§ **ACTIVITY**: From the first line of the entries below through the line bearing "GF-1. Krazy Jim's", write out each line exactly. Omit pictures.

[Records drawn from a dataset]
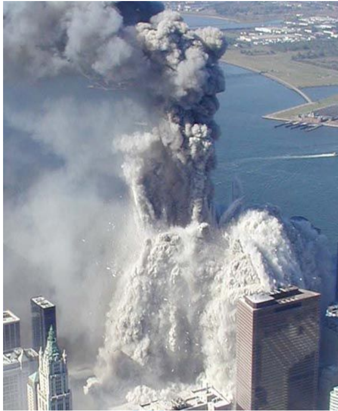
Figure 2: WTC 1 is mostly turned to dust in mid air

1 2 3 4 5 6 7 8 9 10 11 12 13 14 15 16 17 18 19 20 21 22 23 24 25 26 27 28 29 30 31 32 33 34 35 36 37 38 39 40 41 42 43 44 45 46 47 48 49 50 51 52 53 54 55 56 57 58 59 60
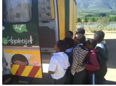
We can't wait to open those books on the shelves!
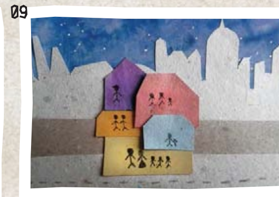
voice: families, students, elderly, singles under the same roof?
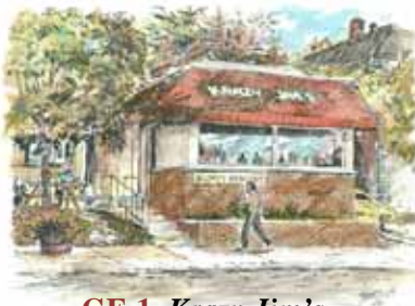
GF-1. Krazy Jim's
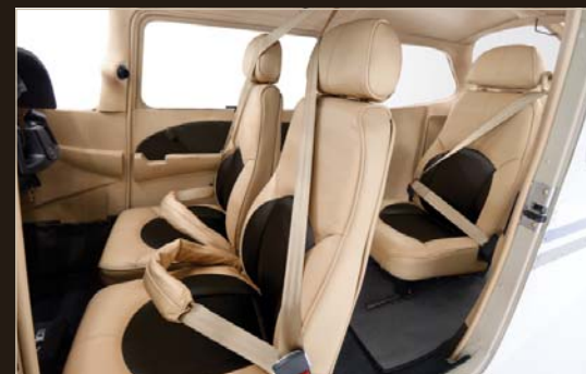
Optional three-seat training configuration
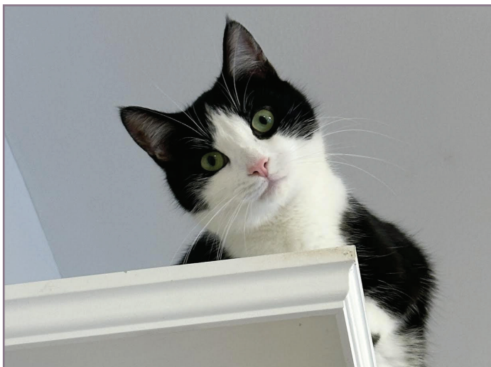
Oreo looks down from on high.

The eight original members of Pet Pride's Shy Cats Club watched and waited as the seasons came and went. Their sweet faces became familiar to staff and volunteers, but visitors might never have known they were here. When the shelter bustled with activity, Oreo escaped to the uppermost cubbies of the Community Room. Lynette tucked herself into drawers and cabinets. Adopters passed these cats by or never saw them at all.
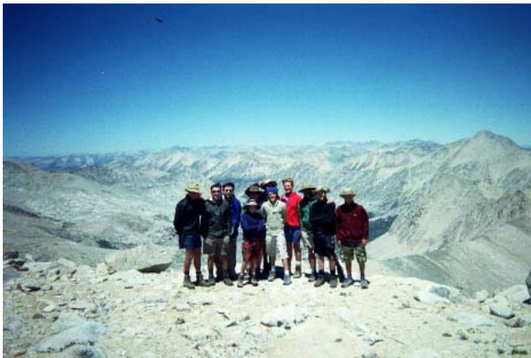
Troop 33 on top of Junction Pass (13,200').

On day seven of the ten day loop, we stood at the top of Junction Pass for this group picture. Little did we know that within the next 24 hours, we would be involved in a medical emergency.
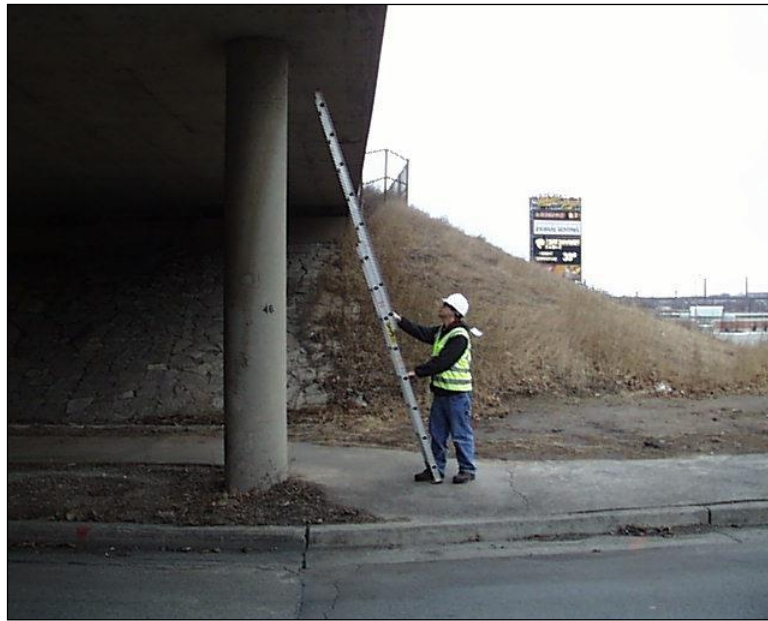
Figure 1.4.4.5-1: Access Equipment.

Access equipment, safety features, and procedures need to be evaluated prior to inspection. The safety sheet provided with the equipment, including emergency evacuation procedures, should be reviewed and understood.
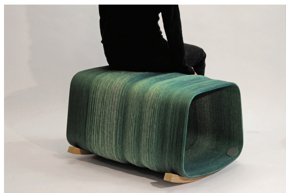
Rocking bench, produced in summer 2016
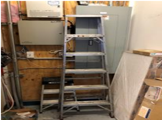
Figure 11. Blocked Electrical Panel and Unsecured Ladder
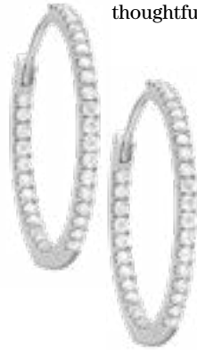
THE HOOP EARRINGS Hoop earrings make even the most casual outfits glamorous, especially when pavé diamonds are involved. In this pair, diamonds are set both outside and inside the hoop for extra sparkle. They're made of lab-grown diamonds and recycled 14K gold by Proud Diamond, a Montreal-founded jewellery brand specializing in conscientious sourcing. PROUD EARRINGS , $3,800, PROUDDIAMOND.COM
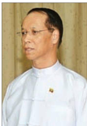
Dr Sai Mauk Kham.
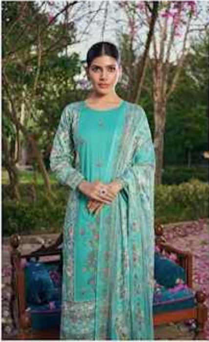
TRADITIONAL SALWAR KAMIZ
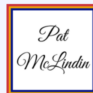
PROUD SPONSOR OF: Lachlan Kennedy
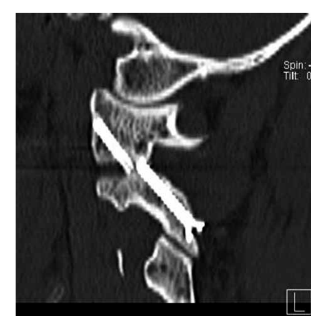
Fig. 4. — Reformatted CT-scan, lateral view. Screw breakage at the typical location.
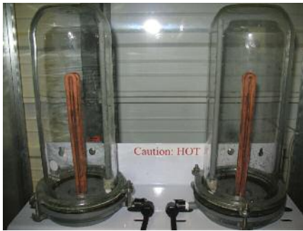
Side-By-Side Test Stand (To test untreated and treated water.)

ScaleNet™ prevents Calcium scale formation, as proven in our San Antonio testing facility using side-by-side glass vessels with heating elements (heated to 180°F) to simulate performance of a hot water heating system. Water, with 16-17 grain hardness was treated at specified flow rates. Tests prove ScaleNet media prevents scale formation. And "de-scaling" was observed after only three weeks of treatment. (As seen in the photo at right, below.)
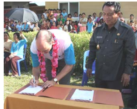
Signing of the hand-over documents
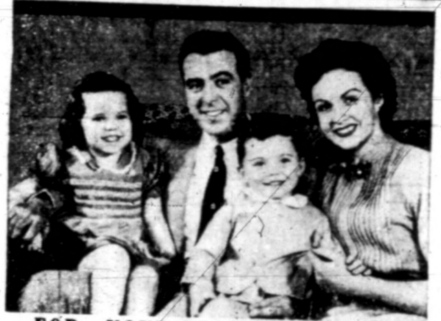
FOR YOUR FAMILY'S SAKE CHOOSE
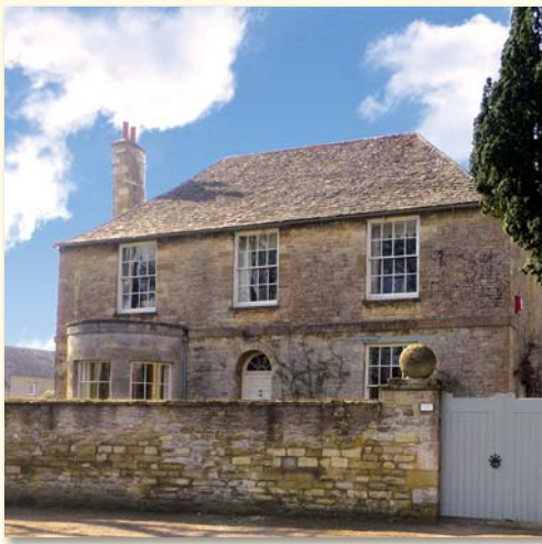
PBS's MASTERPIECE series Downton Abbey portrays Church Gate House as the home of Lady Crawley.

Chipping Campden is a prosperous medieval village with a picturesque 15 th -century Gothic parish church, 17 th -century almshouses and market hall, and wool-tycoon manors.
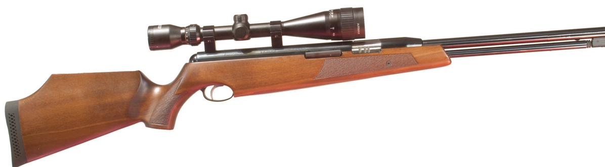
Shown with optional telescopic sight

PLEASE READ THIS MANUAL BEFORE USING YOUR NEW RIFLE, IT CONTAINS IMPORTANT SAFETY INFORMATION AND INSTRUCTION ON ADJUSTMENT AND MAINTENANCE.
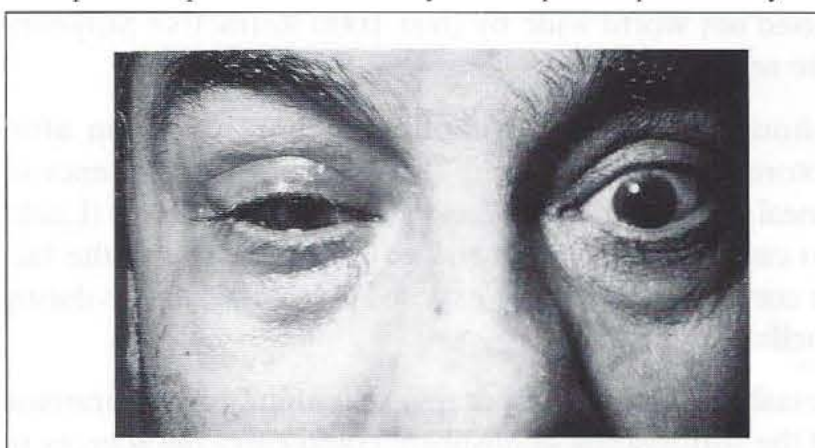
Figure 2: Three weeks after lasik surgery to both eyes showing right bacterial keratitis

The patient presented on day 22nd post-operatively with
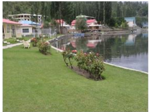
Figure 12: Shangrila: flowerbeds sloping towards Lake
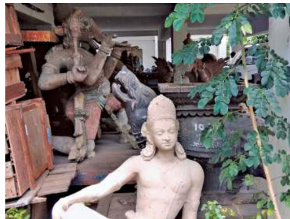
Without care: Priceless heritage lies haphazard at the CB-CID Economic Offences Wing premises in Guindy.

As per the Criminal Procedure Code, the antiques are seized by an investigation officer and are returned to the rightful owner or temple on-
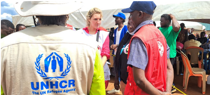
Sensitization activity @IOM-DTM/2023
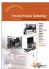
Brochure: Thermal Process Technology
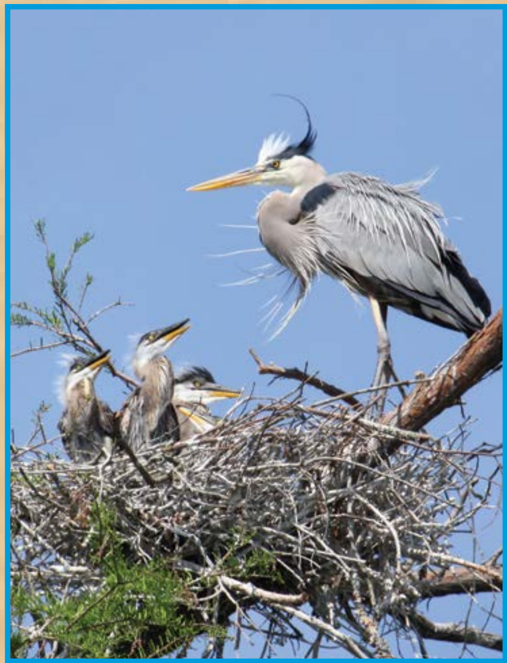
Great blue heror

Cypress-tupelo lakes and sloughs provide excellent opportunities to see wildlife. Watch for nesting herons in spring – along with migrating songbirds and listen for gobbling wild turkeys. This area is rich in reptile and amphibian life, from
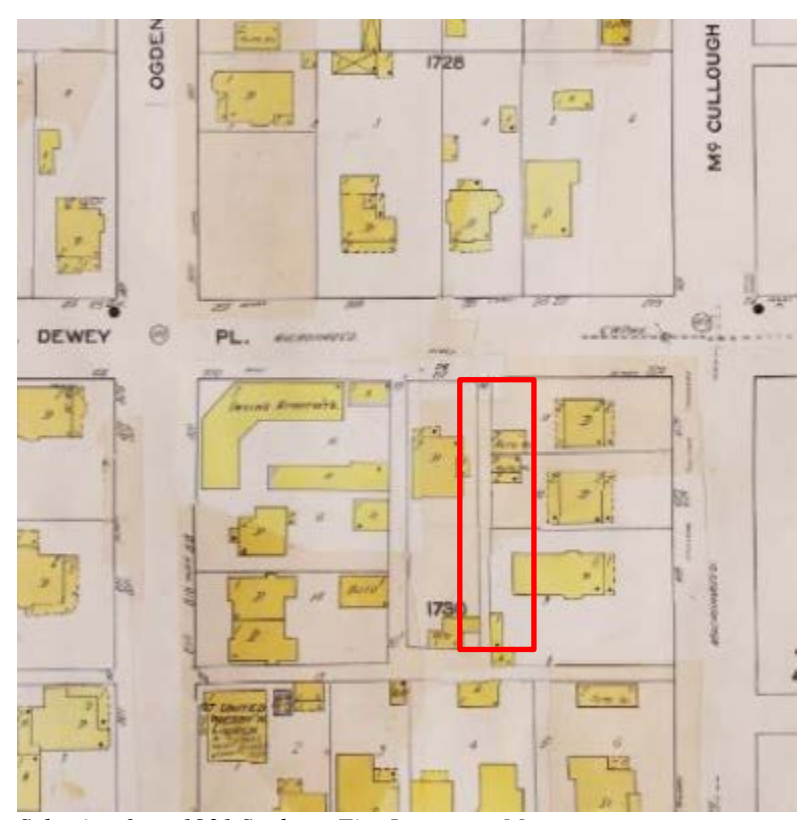
Selection from 1931 Sanborn Fire Insurance Map.
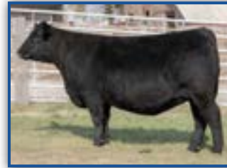
ERICA OF ELLSTON B282 $15,000 EMPIRE DAUGHTER
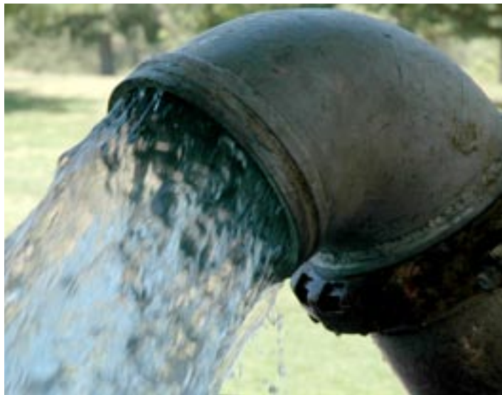
The new well that was being drilled over the last several weeks for the Hagan Park seems to have found the water it wanted. They were testing it on June 21st and it was pumping over 900 GPM = that is 900 gallons per minute in the 10 inch pipe. Too bad its not oil we could all be rich. Anyway this will give the park a much better supply of water to keep things green during the summer months.

§ **ANSWER TO THIS TASK**:
Figure 2: WTC 1 is mostly turned to dust in mid air

1 2 3 4 5 6 7 8 9 10 11 12 13 14 15 16 17 18 19 20 21 22 23 24 25 26 27 28 29 30 31 32 33 34 35 36 37 38 39 40 41 42 43 44 45 46 47 48 49 50 51 52 53 54 55 56 57 58 59 60
We can't wait to open those books on the shelves!
voice: families, students, elderly, singles under the same roof?
GF-1. Krazy Jim's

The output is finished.